On Nov 13, 2011, at 01:46, Nico Kadel-Garcia wrote:

> On Thu, Nov 10, 2011 at 12:48 PM, Ryan Schmidt wrote:
>> 
>> On Nov 10, 2011, at 07:27, Nico Kadel-Garcia wrote:
>> 
>>> Windows versus UNIX style end-of-line also becomes important. The
>>> "svn:eol" style for files in a shared repository will behave
>>> differently on Windows boxes accessing a CIFS share from a UNIX or
>>> Linux box via Samba than the UNIX or Linux box will provide with local
>>> or NFS access to exactly the same working copy if that is set.
>> 
>> 
>>> I spent a *lot* of time explaining this to verious people trying to
>>> use multiple platform shared access, and running headlong into the
>>> problems they thought they'd "cleverly" worked around. It became an
>>> adventure to explain why svn:eol should be deprecated, preferably with
>>> a claw hammer.
>> 
>> Every time you bring this up I have to point out that what you're talking 
>> about applies only when a file's svn:eol-style property is set to "native". 
>> It does not apply when svn:eol-style is set to another value, such as "LF" 

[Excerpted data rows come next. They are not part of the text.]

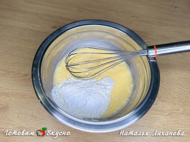 Приготовим кляр. Яйца смешиваем с молоком и солью, затем добавляем муку и разрыхлитель. Перемешиваем.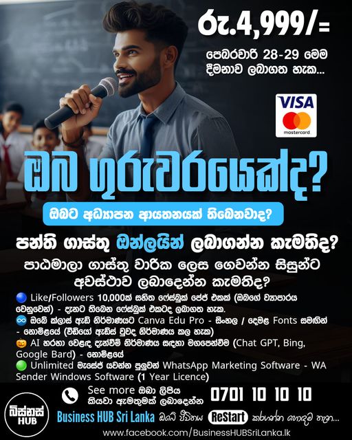 ඔබේ ව්යාපාරයට / ස්වයංරැකියාවට අවශ්ය සියලුම තාක්ෂණික සේවා අපෙන්... දැන්ම 0701101010 වට්ස් ඇප් පණිවිඩයක් එවන්න... Business HUB Sri Lanka -...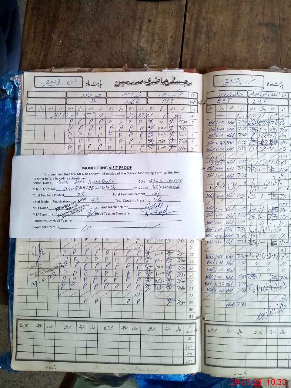 | Attendance Register | Head Teacher | MEA with School | Visit Proof |
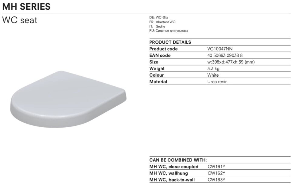 Toto MH Сиденье для унитазов 39,8x47,7xh5,9 см, цвет белый VC10047NN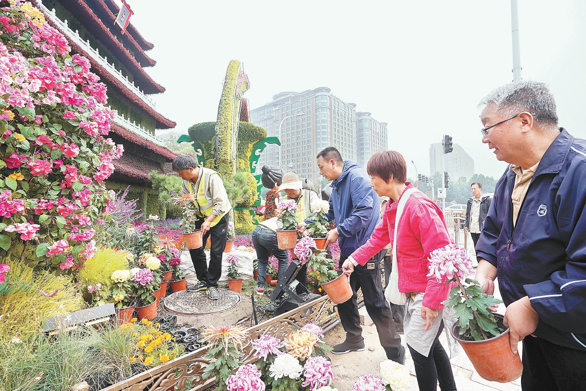 昨天,东四居民将亲手栽植的50盆菊花送到长安街边,摆进东单路口东北角的“文明华章”主题花坛,迎接论坛盛会。记者 王海欣摄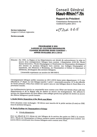 En 1991, la Région et les Départements ont décidé de subventionner la mise en œuvre d'un enseignement bilingue hors contrat. L’Association A.B.C.M, l’Ecole Sainte-Geneviève, l’Ecole Champagnat et l’Institution de l’Assomption développent des classes ou sections bilingues hors contrat. Les Collèges Champagnat à Issenheim, des Missions à Blotzheim, de l’Assomption à Colmar et Episcopal à Zillisheim, développent des sections bilingues. L’ensemble représente un soutien de 580 000 €.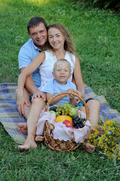 Папа, мама и ребенок сидят друг за другом на траве в парке на закате возле корзины с фруктами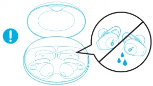 - Fully dry off the earbuds and the USB port before charging.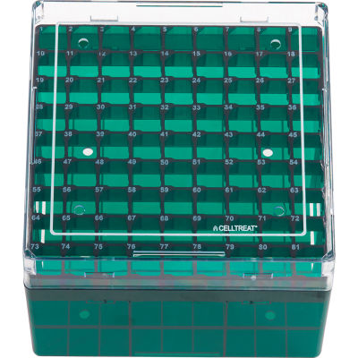 - Easy-grip workstation rack has individual positions which feature ribs to interlock with self-standing vials for easy one hand opening, features four gripping feet for increased stability and reduced slipping, and has low-profile design for maximum storage efficiency celltreat freeze cryogenic vial storage boxes are made from durable polycarbonate material designed to withstand a wide temperature range and is a reusable, autoclavable alternative to disposable racks ventilation holes in the lids and bases prevent vacuum sealing in freezer storage boxes are labeled with numeric markings on the base of the box for easy identification of individual positions, with or without the lid 100-place rack features ridges along the sides to improve handling

>> or "CRLF", nor does it apply if svn:eol-style is not set.
> 
> No, it happens *every time* yous set it to "native" and wind up
> editing code in one OS and running it in another. [snip]
...right, that's what I said. There is a potential for unexpected problems of 
the kind you describe when you set svn:eol-style to native. But there is no 
problem when you set svn:eol-style to LF or CRLF. I was taking exception to 
your overgeneralization that "svn:eol [sic] should be deprecated"; it should 
not, because it works fine and serves a useful function.